Mr Drakeford told BBC Radio 4's Today programme he expects Wales's "very modest" lockdown easing to be in line with what Boris Johnson will announce for England.

Meanwhile unions sent a joint statement to Education Secretary Gavin Williamson on Friday, outlining a list of key measures which they say must be met before pupils in England can safely return to their desks.

It includes extra money for deep cleaning and personal protective equipment (PPE) and local powers to close schools if clusters of Covid-19 infections break out in a particular area.

Exercise and the outdoors

According to some reports, unlimited outdoor exercise will be allowed from Monday, however gyms and playgrounds are expected to remain closed.

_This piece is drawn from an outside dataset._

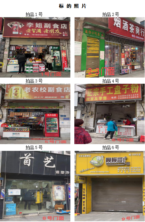 拍品1至9號標的:位于清水大道銅仁農(nóng)校旁,地理位置優(yōu)越,屬于黃金大道。附近有大專、中學、小學、幼兒園等,教學配套齊全;擁有眾多小區(qū),人口流動能力強,固定人口較多;周圍有超市、商場,人口流動性強。地理位置優(yōu)越,屬于臨街門店,升值空間較大;地區(qū)基礎設施完善,公共交通、公共停車設施的增加,使該地升值空間進一步增大;建筑結構:磚混,面積:13.3㎡至29.4㎡不等(具體面積見上表),租賃期3年(具體日期見上表),保養(yǎng)情況:較好。

Public Health England has signalled the "stay home" message could be abandoned and reports suggest people using benches, having picnics or sunbathing will no longer be asked to move on, provided they keep two metres apart.

Public transport

Bus and train timetables are likely to be adjusted and increased to help the system cope with an increase in passengers.

There could also be further guidance on wearing masks while travelling after a survey by rail and road watchdog Transport Focus found 51% of people would not be happy using trains and buses unless passengers were required to wear them.

It has been reported Boris Johnson will recommend workers wear masks when using public transport. He previously said face coverings will be "useful" when lockdown restrictions are eased.

Religious gatherings

Housing Secretary Robert Jenrick said it is still too early to reopen religious services, with no date for when that could happen.

Earlier in the week, Church of England leaders said churches could reopen in a "phased" way once lockdown measures begin to be lifted.